Increasingly, crowdfunding is being used by startups -- and even more established companies -- to fund their projects; sometimes quite ambitious ones. We are interested in learning more about the predictors of a successful crowdfunding project, and to this end, we have decided to use this robust dataset of Kickstarter projects through 2018. The data was collected by Mikael Mouille; a script by Anton Savchenko was used to handle USD conversion rates. It is published on Kaggle.

The very broad question we are interested in is, "What makes a Kickstarter project successful?" We intend to answer this using multiple subquestions, namely:

  • What are the most popular categories of Kickstarter project over time? Does the popularity of a certain category influence its funding?
  • Does the country from which a Kickstarter is launched significantly affect its success (as measured by funding)?
  • Does the success rate of a Kickstarter change depending on its goal amount (i.e., are $5,000 Kickstarters more funded more reliably than $100,000) Kickstarters?
  • Does the length of a project's funding period affect its funding?

Since we have four proposed visualizations and only three members, one of these questions may be cut.

We think this information could be highly pertinent to anyone interested in crowdfunding, but we are specifically interested in the success of young companies. For this reason, we may, for instance, choose to constrain the data such that only mid-sized projects are considered.

Technical Description

Our data is in a (very large) .csv file; so, not an API. We will be reading it into R using the standard read.csv() function.

We anticipate that the data will need to be permuted in multiple ways -- for instance, for Question #2, we are planning to group Kickstarters by country and display their funding status and amount funded in a world map visualization, which will (most likely) require finding latitudes and longitudes for each country. Separately, the data in Question #3 will be a line plot with "Funding Goal" along the x-axis and "% of Funding Reached" along the y-axis. This would require mutating the data to create a column representing the y-axis value.

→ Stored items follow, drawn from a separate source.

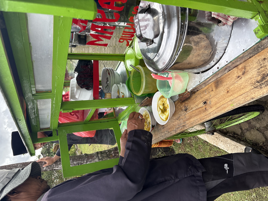 A man in a hat sits next to a green food cart. Bowls of food are on the cart, next to various utensils, containers, and stacked dishes. A large silver pot with a lid is on the top. A wheel of the cart is visible on the right. The red text on the glass is mirrored and unreadable.
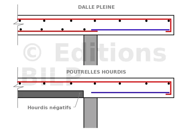 Ces dalles sont renforcées par des aciers placés en partie haute du béton et sont prolongées de la moitié dans la dalle intérieure. Ils peuvent être coffrés sur place en dalle pleine ou préfabriqués.
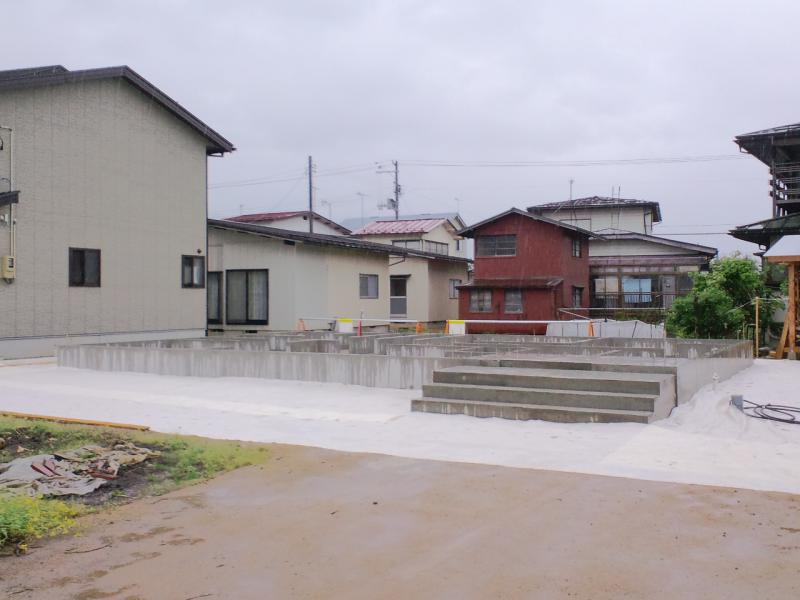 S様邸今日は、足場組み立ての日です。朝一番に養生シートを敷き込みました。がアイニクの雨模様です•••
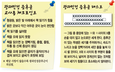 이러한 증상은 나이가 들수록 더욱 심해져 컴퓨터 작업, 운전, 업무 등에도 영향을 미칠 수 있다. 제시된 ‘체크포인트’로 교실에서 선생님이 간단하게 광민감 증후군 학생을 찾아내보자.

Proposed implementations for other plots:

  • Determining the relationship between funding and funding period may be done by using difftime() to find the time difference between the "launched" and "deadline" columns; following this, we plan to use a line plot.
  • The relative popularity of different categories over time could be shown by counting the number of entries in each category in each year, then displaying them in a line plot with "Time" along the x-axis and "# of entries" along the y-axis. A different color would represent each type of Kickstarter. The follow-up subquestion -- "Does the popularity of a certain category influence its funding?" -- could be answered with a bar plot, one bar representing each category and the y-axis representing the average success rate of that category. If we wanted to look at the average success rate in different years, we might introduce multiple bars per category -- say, one for 2010 & one for 2018.

We are also interested in creating a 3D plot, but this is tentative since none of us have worked with one before.

For this project, we will be using Shiny and -- potentially -- Plotly. We anticipate that using Shiny will present some challenges, since none of us have as much experience with it as with, say, ggplot2.